全峰告別了張友良師徒,獨自一人踏上了歸途。


    在火車逛逛悠悠的車廂當中,他望著窗外的風景由綠色調漸漸轉為漫天的土黃,車廂和鐵軌相摩擦所發出的有節奏的震動聲如同一首催眠曲,讓他沉浸在自己的思緒當中。


    鄒重喜臨走前找到他說的那番話不斷在他的腦海中回響,那是來自前輩的賞識和同為拳擊手身份的惺惺相惜。


    這次陪練之旅讓全峰在上賽場之前便意外地遇到了鄒重喜,這對他來說,無疑意義重大。

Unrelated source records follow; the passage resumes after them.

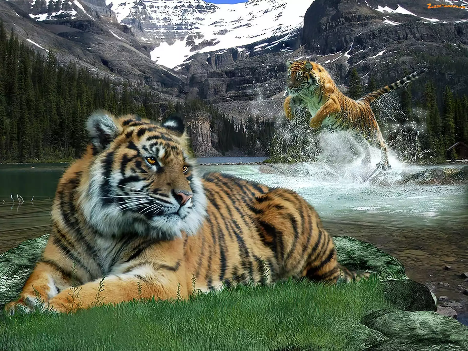 Łąka, Las, Rzeka, Tygrysy, Góry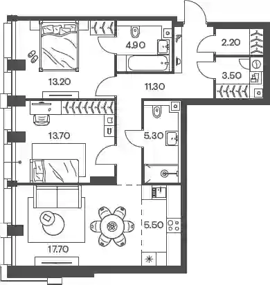 30 306 126 ₽3-к.квартира, 69.7 м², 17 эт.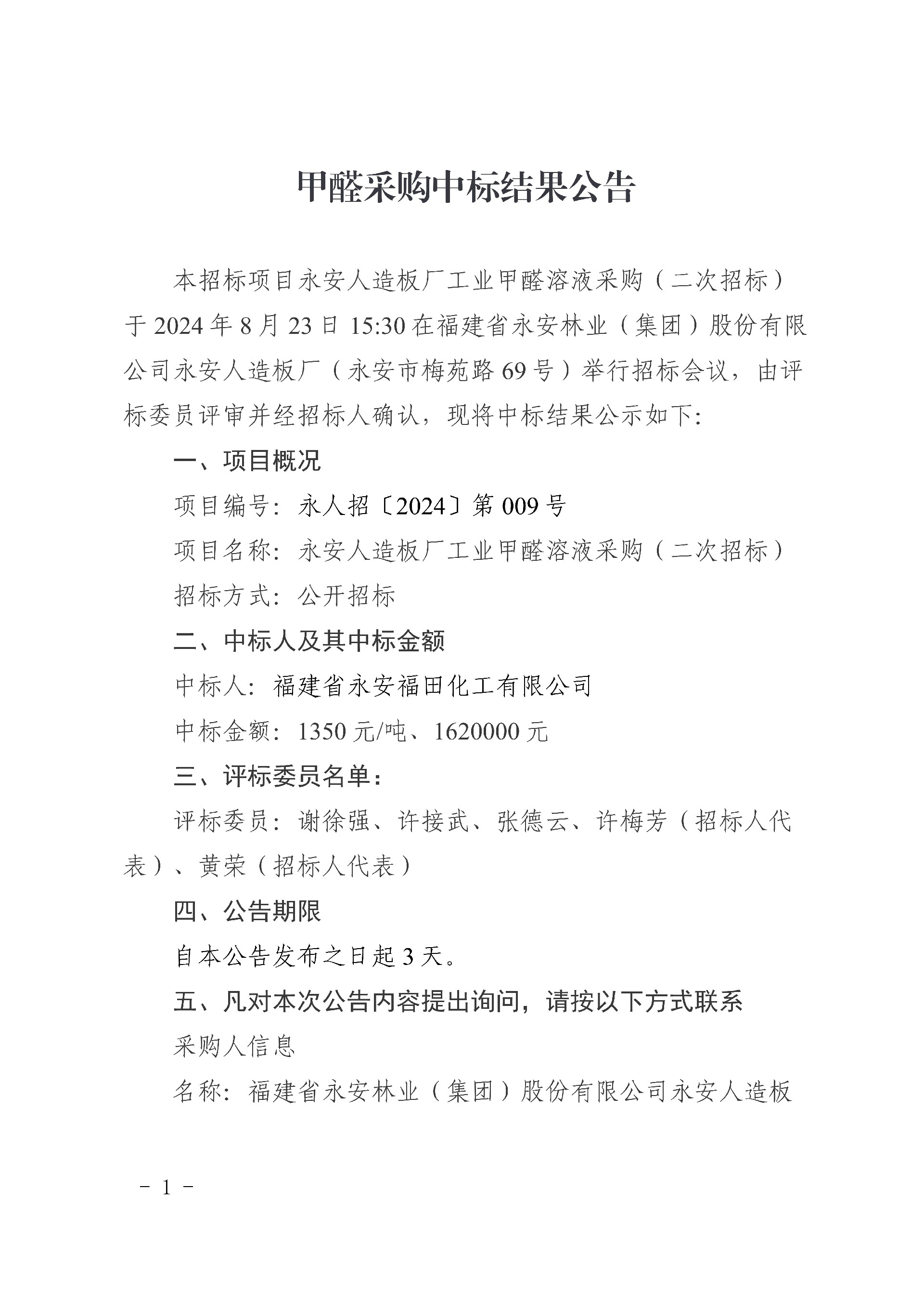永安人造板廠工業甲醛溶液采購項目招標公告

    穿越回來之前,他對中國拳手的了解就是從這個在成名之後飽受爭議的拳王開始的,那個時候他聽得最多的就是鄒重喜又是帶著老婆孩子炒作,又是利用奧運冠軍的身份圈錢。


    好像奧運冠軍就不允許賺錢,就必須得是一個聖人,他憑空冒出來,來到人世間,拿到一個屬於中國的冠軍,然後這個人就不需要活著了,隻要把金牌和記錄留下,這個人馬上就去死,這個時候這個人才會獲得最大的讚美。


    可是他們忘了,鄒重喜的冠軍是他自己一拳一拳打出來的,為了拿到這個冠軍,他打著封閉上賽場,受的傷放在尋常人身上恨不能疼死,然後發個朋友圈像個巨嬰一樣向所有人撒嬌,他卻要忍著這樣的傷痛去訓練。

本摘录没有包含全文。